Here are the three things I’ve noticed that have made the Caps defensemen more productive this season.
On both shots and shot attempts, the Capitals have generated a higher percentage of their chances from a defenseman’s blade early this year than they did last.
The Caps have also been more aggressive especially when the opponent’s wingers collapse on the net or play a bit more staggered.
We saw a great example of that with Marcus Johansson’s goal against the Vancouver Canucks.
If the Caps defender on the wall does not have a clear path to the net, he will often pass it over to his partner to set up a shot from the middle of the ice. This gives the forwards more time to get to the front of the net and moves the entire opposing team including the goaltender. In this case, after the puck was passed back to Niskanen, Johansson had just enough time to get to the front of the net for the tip.
The Capitals have scored a high percentage of their goals from in tight this season (see Marcus Johansson’s goals from within 17 feet) and continuing to get the puck to the net with bodies in front will produce more offense.
The Caps defenders have never been shy about joining the rush under Trotz, but they have turned it up another notch this season. There have been few offensive rush chances that did not include a defenseman so far this year, whether it was Matt Niskanen, John Carlson or Nate Schmidt.
Not surprisingly, Schmidt hinted to the fact that he would be joining the rush more often this year during the preseason.
“The thing Todd (Reirden) and I talked about at the beginning of the year was to make sure I’m skating and keeping my feet moving and try to be an extra guy on the attack all season long,” Schmidt said in camp.
Nate Schmidt with the great carry in, and Justin Williams scores his first goal since March 28 of last season pic.twitter.com/urWyCQkgjr
— Ian Oland (@ianoland) October 20, 2016
Schmidt has already been able to facilitate offense this season off the rush, and the Caps will be able to generate more offense with their defensemen if Schmidt and his defensive brethren keep it up.
The Caps have been getting the tight high cycle going with their defensemen much more often recently, and it has produced more than a couple of good scoring chances.
It is especially effective when the opposing team pressures the point a bit more in the defensive zone.
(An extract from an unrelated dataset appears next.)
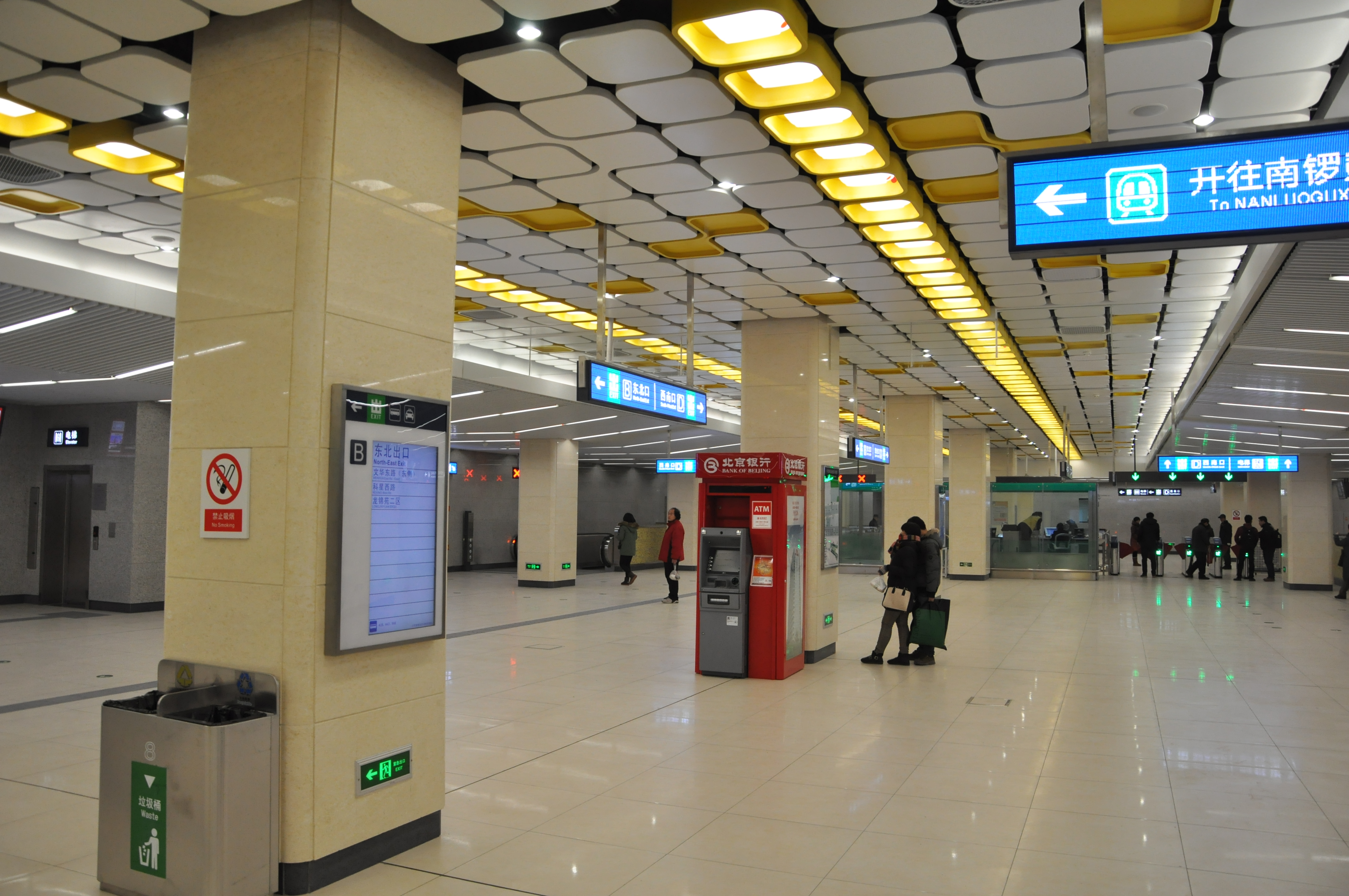 Concourse of Pingxifu station, Line 8, Beijing Subway. The ceiling is decorated with two yellow line of lights.

If the point man is not open to a direct or indirect pass to get shots from the point, the Capitals forwards will actually cycle with the defensemen to get them going in the offense and relieve a little pressure.
Let’s take a look at the cycle during the Capitals recent tilt with Edmonton.
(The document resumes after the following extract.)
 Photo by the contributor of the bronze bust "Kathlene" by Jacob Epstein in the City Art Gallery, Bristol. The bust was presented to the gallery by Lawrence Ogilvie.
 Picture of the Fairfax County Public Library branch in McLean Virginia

As Kuznetsov comes up the boards with the puck, Matt Niskanen recognizes the cycle opportunity and takes the path closest to the boards to switch with Kuznetsov. Two Edmonton players go with Kuznetsov as he slips a quick drop pass to Niskanen. The second forward, Andre Burakovsky, curls to the net and looks for the pass from Niskanen. These types of switches force quick decisions by the opposing teams defenders and often either create space or a breakdown.
The high cycle is going to produce a goal soon. It is just a matter of time.
Whether joining the rush, taking clappers from up top or joining the cycle game, all of the Capitals defensemen have been key in creating offense for the team this season. Though, I doubt Brooks Orpik will continue to have the same amount of points as John Carlson for too much longer.